• _WHAT IS BEING ASKED_: Return all of the data exactly as written, without the pictures.

[Dataset items]
□ □ □
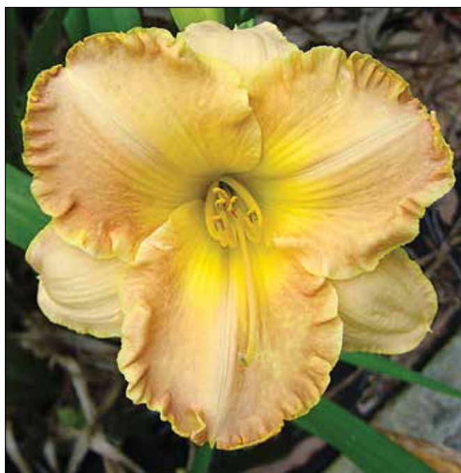
H. 'Chestnut Mountain' (Salter 1989)
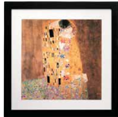
Artcool Frame Air Conditioner
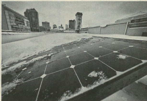
Since the Hall of Laureates was pursuing a National Register of Historic Places designation, the 90 solar panels on top of the building couldn't stick up.

East. Since reduced energy costs, including transportation of materials, is one of the LEED designation requirements, a source of identical sand-
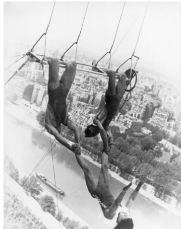
Trapeze artist Rose Gold and two circus performers completing spectacular acrobatic feats while hanging from the Tower (1951)
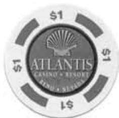
White 4 Blue Inserts 24 Lines Rim, BJ Mint Mark
□ □ □
• _TASK RESPONSE_:
H. 'Chestnut Mountain' (Salter 1989)
Artcool Frame Air Conditioner
Since the Hall of Laureates was pursuing a National Register of Historic Places designation, the 90 solar panels on top of the building couldn't stick up.

East. Since reduced energy costs, including transportation of materials, is one of the LEED designation requirements, a source of identical sand-
Trapeze artist Rose Gold and two circus performers completing spectacular acrobatic feats while hanging from the Tower (1951)
White 4 Blue Inserts 24 Lines Rim, BJ Mint Mark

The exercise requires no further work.